There is an increase of references in the literature that justifies the inclusion of metabolic surgery in the treatment algorithms for patients with obesity and DM2. These techniques have traditionally been known as “bariatric surgery,” which denotes surgical procedures meant to induce weight loss (10). However, several studies have demonstrated that these techniques improve me­­tabolic derangements independently of weight loss. These surgical procedures alter the gastrointestinal hormones that play an important role in glucose homeostasis (11).

Metabolic surgery is a vastly underutilized tool for the treatment and/or cure of DM2, which has led to recognize the need to inform diabetes care providers about the benefits and limitations of me­­tabolic surgery. The 2nd Diabetes Surgery Summit (DSS-II) was convened in collaboration with six leading international diabetes organizations: the American Diabetes Association, International Diabetes Federation, Chinese Diabetes Society, Diabetes India, European Association for the Study of Diabetes, and Diabetes UK. The overarching aim of this consensus conference was to review the available evidence and to develop global recommendations that integrate medical and surgical therapies in a rational treatment algorithm for DM2 (9).
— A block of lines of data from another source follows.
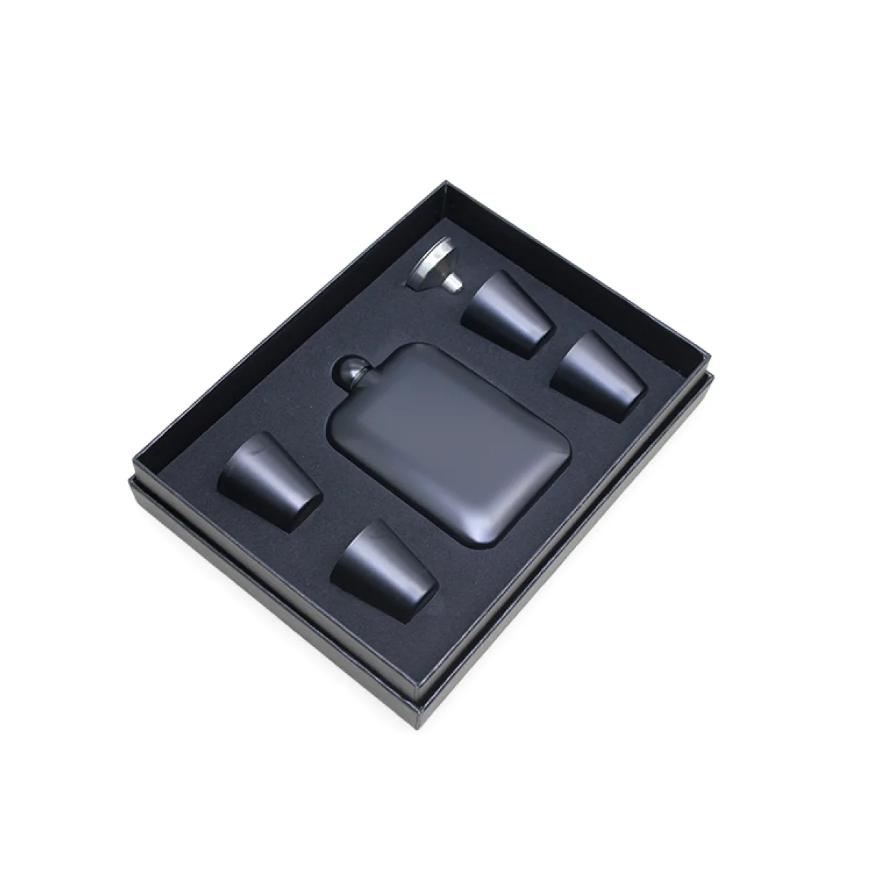 - Eksiksiz Set: Bir adet cep matarası, dört adet uyumlu shot bardağı ve pratik dolum için bir adet mini huni ile birlikte gelir. Tüm parçalar, özel olarak tasarlanmış siyah hediye kutusunda düzenli bir şekilde yerleştirilmiştir.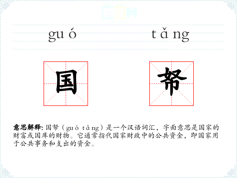 国帑(guó tǎng)是一个汉语词汇,字面意思是国家的财富或国库的财物。它通常指代国家财政中的公共资金,即国家用于公共事务和支出的资金。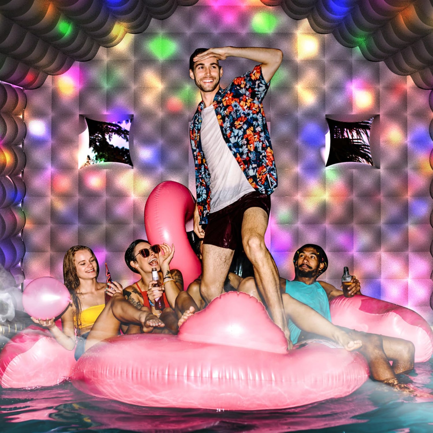 - Interior Decoration Highlights: ① A 51.2x31.5 inch Velcro area above the front entrance lets you add DIY personalized signs. ② The interior ceiling of the inflatable nightclub cube features 5 rope loops for hanging LED lights, disco balls, or other decorations to create a captivating atmosphere. ③ The interior side walls feature multiple rope loops for weaving light strips or additional decor. ④ A small hole at the back door's bottom allows for a fog machine, enhancing the visual experience.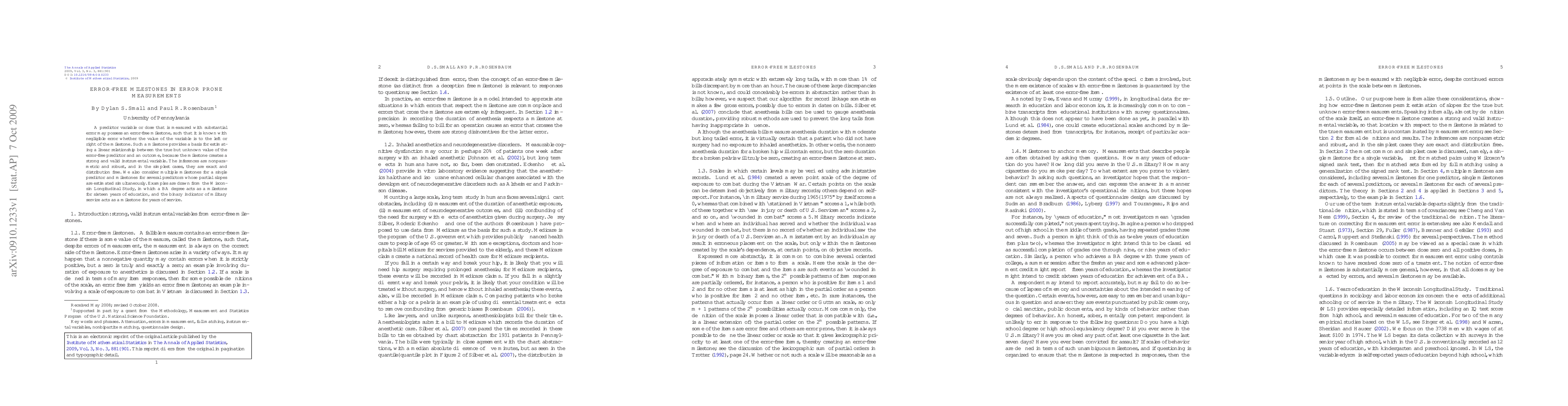 A predictor variable or dose that is measured with substantial error may possess an error-free milestone, such that it is known with negligible error whether the value of the variable is to the left or right of the milestone. Such a milestone provides a basis for estimating a linear relationship between the true but unknown value of the error-free predictor and an outcome, because the milestone creates a strong and valid instrumental variable. The inferences are nonparametric and robust, and in the simplest cases, they are exact and distribution free. We also consider multiple milestones for a single predictor and milestones for several predictors whose partial slopes are estimated simultaneously. Examples are drawn from the Wisconsin Longitudinal Study, in which a BA degree acts as a milestone for sixteen years of education, and the binary indicator of military service acts as a milestone for years of service.

Recent efforts have expanded the indications of metabolic surgery. It is reflected in the DSS-II, which includes patients with a BMI of 30.0 to 34.9 kg/m2 with uncontrolled DM2 despite optimal pharmacological treatment. The BMI threshold is reduced by 2,5 kg/m2 for Asian patients because they typically have more visceral fat compared to Caucasians with diabetes and the same BMI (9,11).

One-anastomosis gastric bypass (OAGB) is recognized by the IFSO (International Federation of Obesity Surgery and Metabolic Disorders) as a bariatric/metabolic procedure not to be considered for research; however, it is not recommended in diabetic non-obese patients or for patients with class-1 obesity (12), since in the DSS-II the only four accepted surgical approaches for weight loss and DM2 remission are; biliopancreatic diversion, Roux-en-Y gastric bypass (RYGB), vertical sleeve gastrectomy, and adjustable gastric band. These are listed by gradient from highest to lowest in terms of efficacy, and inversely proportional to the comparative safety of these procedures (9).

MATERIAL AND METHODS

A retrospective review was carried out between 2016 and 2019 of all patients with DM2, BMI between 25 and 29.9 kg/m2, and serum C-peptide level higher than 1 ng/dL who underwent la­pa­roscopic one-anastomosis gastric bypass (OAGB) as metabolic procedure. A modification of the original technique of Dr. Miguel Ángel Carbajo Caballero was made by performing the anastomosis with a ratio of 20/80 of the total length of the small intestine.

All patients had a 24-month follow-up, with measurements of fasting serum glucose, HbA1c, and BMI at 3, 6, 12, and 24 months after surgery. All cases were operated upon by a single bariatric surgeon in the same private institution.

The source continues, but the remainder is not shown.